On June 24, 1921, the lumber company had on deposit with the bank, subject to its general checking account, a sum in excess of $85,000. On that day it forwarded to the bank its check for $5,220, to meet the payments on the outstanding obligations maturing on July 1, 1921. With the check it sent a letter, explaining the purpose of the check, in the following form:
“We hand you herewith check No. 5970 for $5,220.00 in payment of six months interest on Northwest Lumber Company’s outstanding bonds of $174,000.00.”

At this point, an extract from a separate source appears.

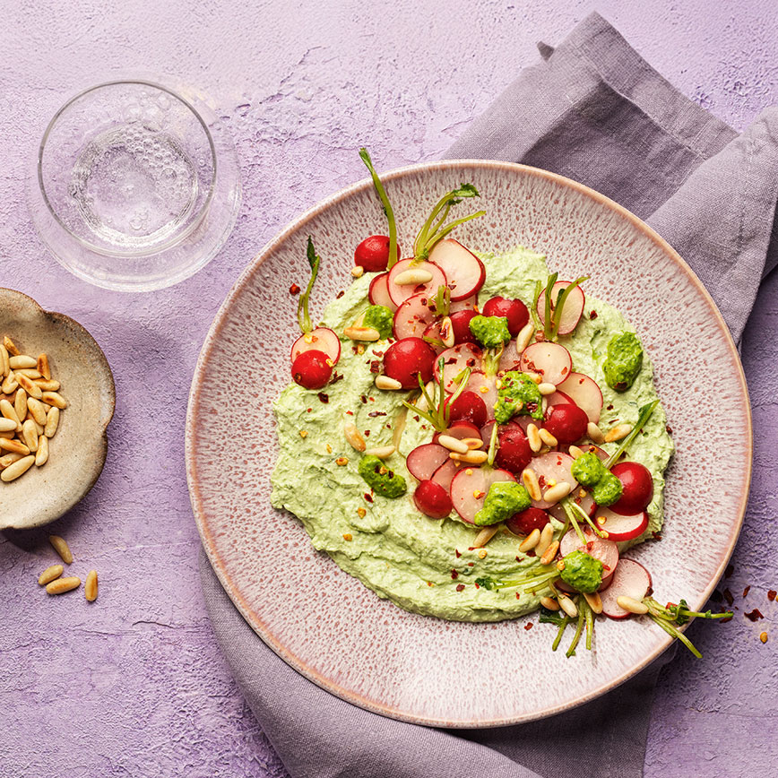 1 Bund Bärlauch (ca. 20 g), grob geschnitten • 2 EL Olivenöl • 2 EL Wasser • 1 Prise Salz • 125 g Bio-Frischkäse nature • 1 Bund Radiesli, in ca. 4 mm dicke Scheiben gehobelt • 1 TL flüssiger Honig • 1 TL Essig • ¼ TL Chiliflocken • ¼ TL Salz • 1 EL Pinienkerne, geröstet

The bank was authorized by its charter to do a general trust business, and had as one of its employees a person whose duty it was to attend to its general business relating to trusts of this character. On receipt of the check, the cashier of the bank forwarded the check to the person having charge of its trust department. It was by him received, but for some reason, not explained in the record, was not marked as paid or cancelled, nor was the amount thereof charged to the lumber company’s general account. On June 30, 1921, prior to the due day of the interest obligation, the bank was taken over by the state supervisor of banking, who since that time has proceeded with its liquidation as an insolvent institution. The undertaking on the part of the bank to meet the interest payments was not recognized by the supervisor, and
Between the time of the delivery of the check to the bank and the time the bank was taken over by the supervisor, the lumber company’s general deposit account with the bank remained unchanged, and the bank, during the same period and at the time it was so taken over by the supervisor, had in its vaults cash largely in excess of the amount of the check.
Later on the lumber company presented a claim to the supervisor for the amount of the check, claiming a preferential payment from the assets of the bank. The supervisor refused to allow it other than as a general claim, and the present action was instituted to enforce it as a preferred claim. Judgment went in favor of the lumber company in the court below, and the supervisor of banking appeals.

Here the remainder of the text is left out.